__Exercise goal__.
Leaving out the pictures, return each line of the entries from the first through the line with "Zwei Mannschaften mit", and only those lines.

__Source records__.
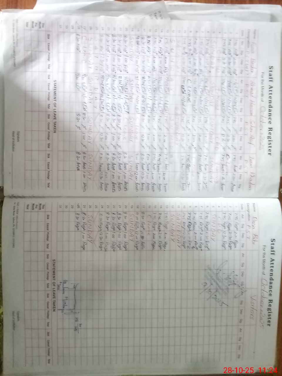 | CNIC | Full Name | Designation | R/C | Absence During Last Calender Month |
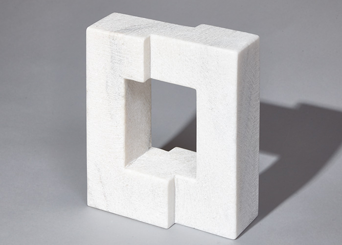 “In meiner Werkstatt liegt ein Stück portugiesischer Marmor, Rosa Aurora, von beeindruckender Farbe und Zeichnung. Ich teile diesen Stein in zehn gleiche Stücke und beginne, zehnmal die gleiche Form herauszuarbeiten. Versetzte Flächen und ein Durchbruch lassen diese Skulptur das Licht einfangen.
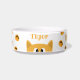 tigela de gengibre com estampas de pata e um gato curioso olhando da base. Também disponível para gatos cinzas e gatos pretos.
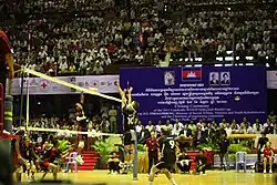 Zwei Mannschaften mit jeweils sechs Spielern treten auf einem durch ein Netz geteiltes Spielfeld gegeneinander an. Ziel des Spiels ist es, den Volleyball durch Pritschen, Baggern, Blocken, Angriffsschläge und Leger über das Netz auf den Boden der gegnerischen Spielfeldhälfte zu spielen und zu verhindern, dass Gleiches dem Gegner gelingt. Eine Mannschaft darf den Ball zuzüglich zum Block dreimal in Folge berühren, um ihn zurückzuspielen.
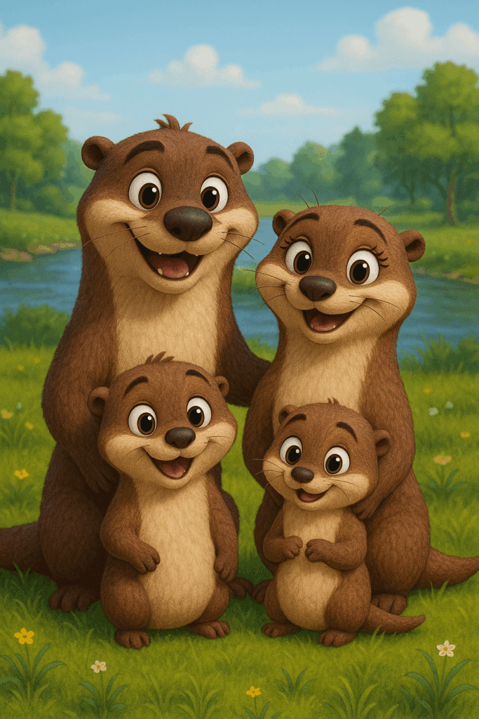 An einem sonnigen Morgen planschte die fröhliche Otterfamilie am Flussufer. Papa Otto, Mama Olivia und die beiden Otterkinder Olli und Lilo liebten es, im klaren Wasser zu schwimmen und über die grünen Wiesen zu tollen.
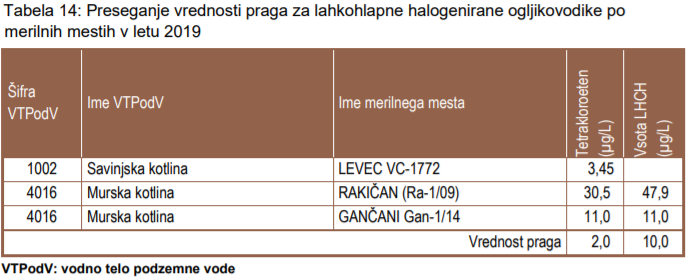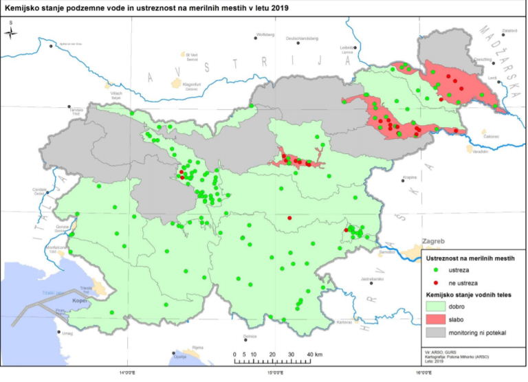 V severovzhodnem delu Slovenije pa je ARSO v letu 2019 določil slabo kemijsko stanje za vodna telesa Savinjske, Dravske in Murske kotline.
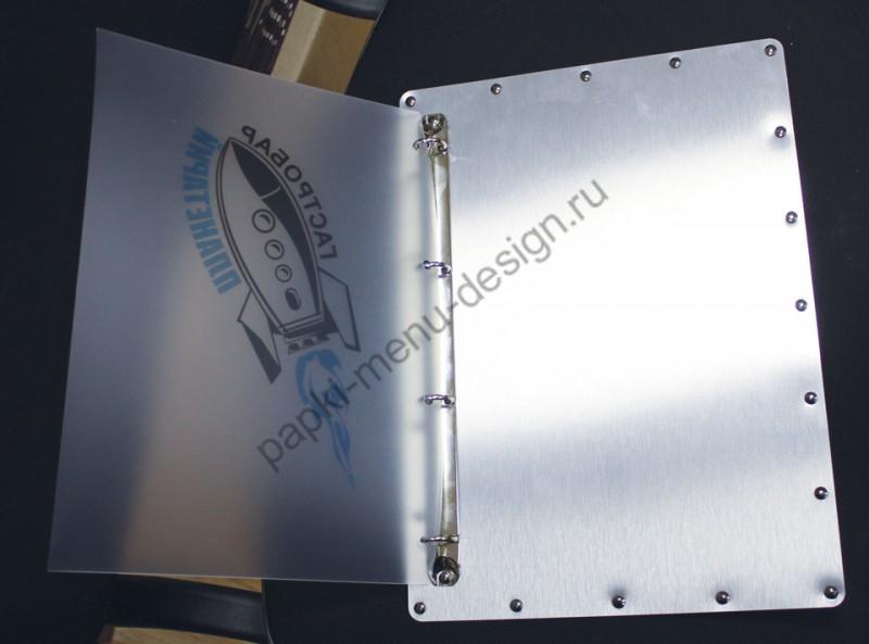 Планшет для меню из металла с обложкой из прозрачного матового пластика с печатью логотипа УФ-красками. Возможны и другие цвета металла: золото, красная медь, бронза. Данный планшет меню - это оригинальный подход к подаче меню. Но это далеко не все его достоинства: планшет из металла - это практично и удобно.
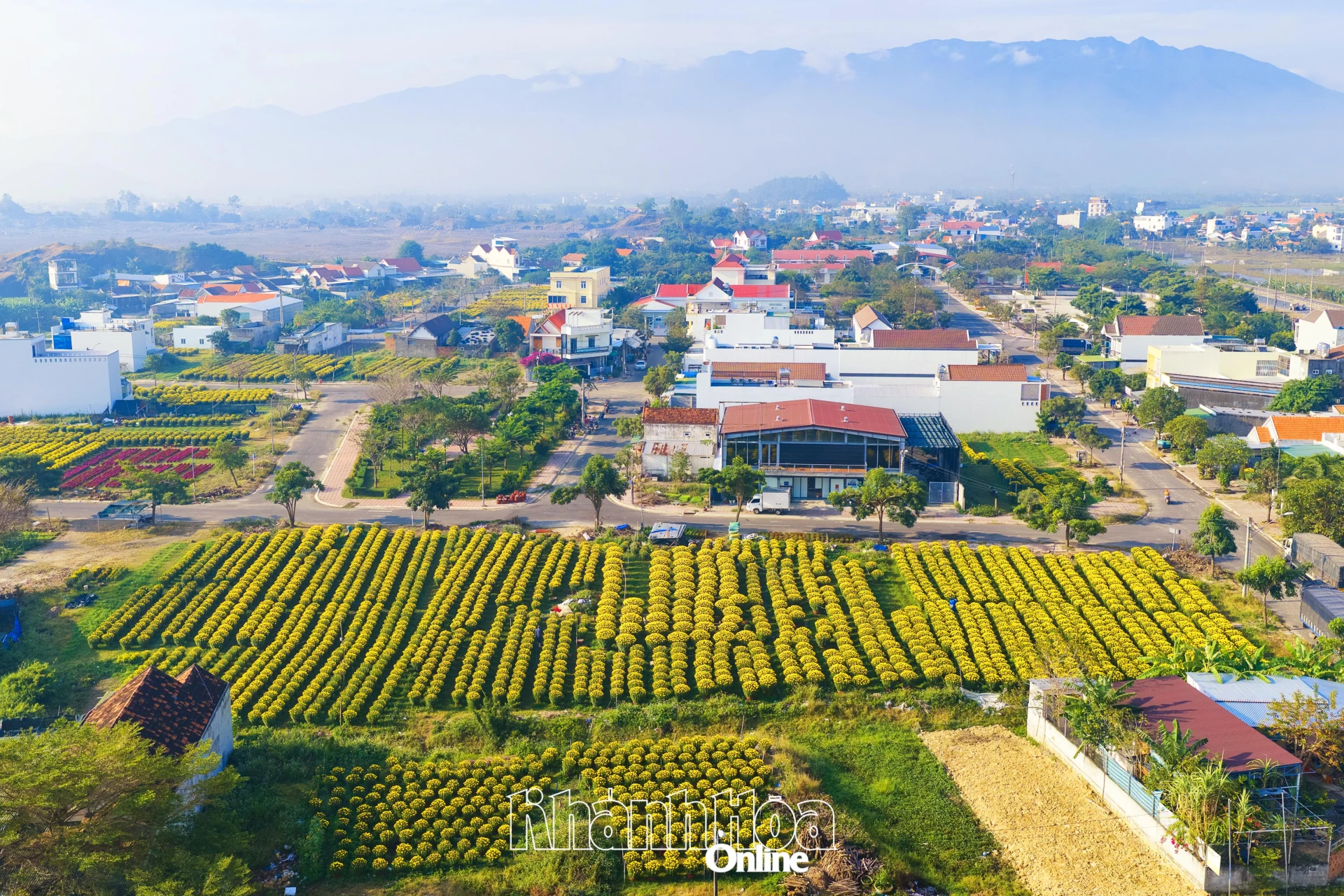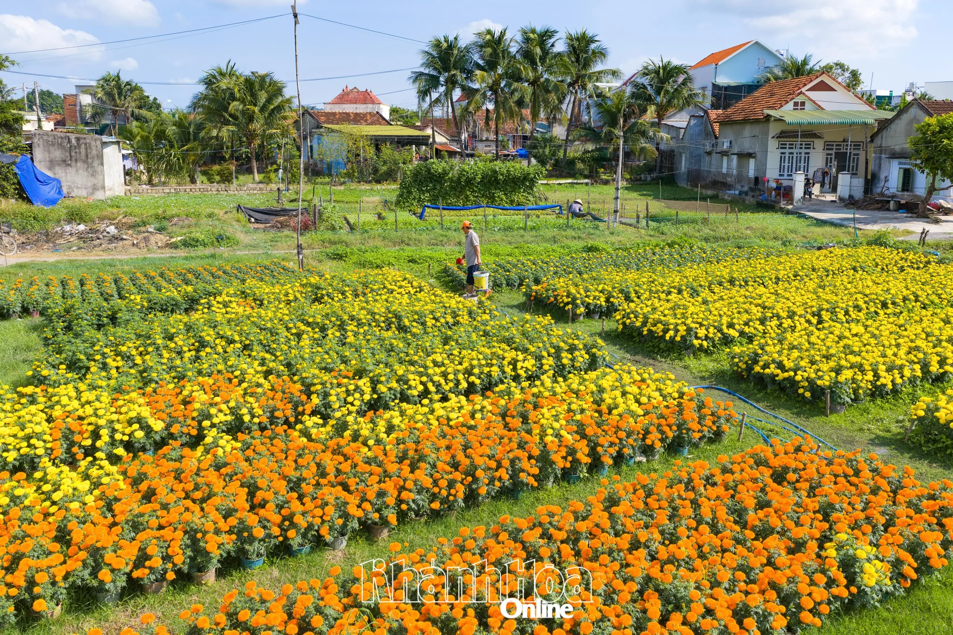Những luống cúc vạn thọ nở bông to, tròn đầy.
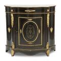 Napoleon III skab af ibenholtsfineret træ, med lister af messing og ornamenter af forgyldt bronze. Plade af marmor. Frankrig, ca. 1870. H. 107. B. 114. D. 44.
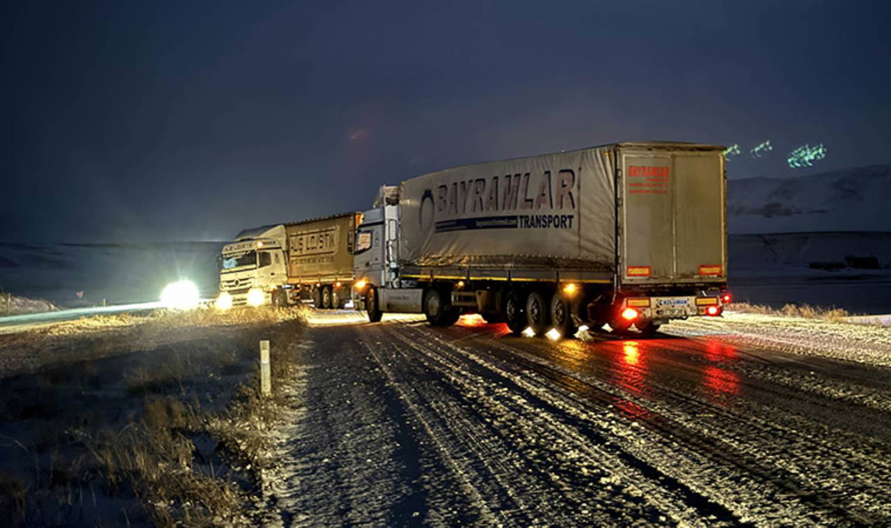 Çok sayıda tırın kayarak yoldan çıktığı kara yolunun 2025 rakımlı İpek Geçidi'nde, İran güzergahı ulaşıma kapandı.
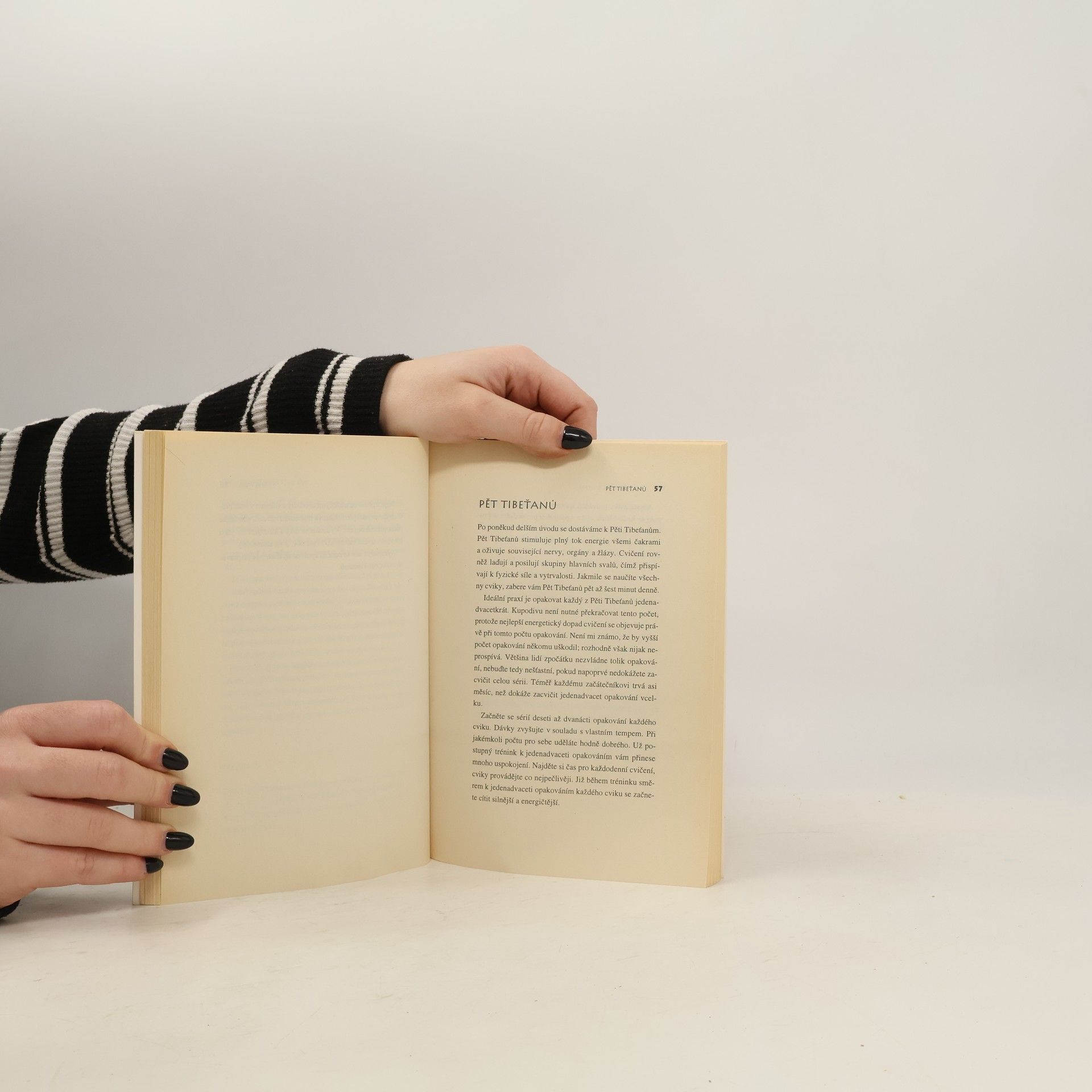 Pět dynamických cviků, které posílí zdraví, dodají energii a životní sílu. Pět Tibeťanů je jogínský systém jednoduchých, časově i fyzicky nenáročných, ale velmi účinných cviků, které se autor před více než třiceti lety naučil v tibetském klášteře v pohoří Himálaje a posléze je představil západní civilizaci. Pravidelné cvičení Pěti Tibeťanů podstatně zvyšuje pružnost těla i duševní sílu, odstraňuje psychické i svalové napětí, oživuje naše smysly, zlepšuje dýchání a trávení, blahodárně působí na oběhovou soustavu, navozuje klid a celkovou pohodu.

__Response below__.
 | CNIC | Full Name | Designation | R/C | Absence During Last Calender Month |
 “In meiner Werkstatt liegt ein Stück portugiesischer Marmor, Rosa Aurora, von beeindruckender Farbe und Zeichnung. Ich teile diesen Stein in zehn gleiche Stücke und beginne, zehnmal die gleiche Form herauszuarbeiten. Versetzte Flächen und ein Durchbruch lassen diese Skulptur das Licht einfangen.
 tigela de gengibre com estampas de pata e um gato curioso olhando da base. Também disponível para gatos cinzas e gatos pretos.
 Zwei Mannschaften mit jeweils sechs Spielern treten auf einem durch ein Netz geteiltes Spielfeld gegeneinander an. Ziel des Spiels ist es, den Volleyball durch Pritschen, Baggern, Blocken, Angriffsschläge und Leger über das Netz auf den Boden der gegnerischen Spielfeldhälfte zu spielen und zu verhindern, dass Gleiches dem Gegner gelingt. Eine Mannschaft darf den Ball zuzüglich zum Block dreimal in Folge berühren, um ihn zurückzuspielen.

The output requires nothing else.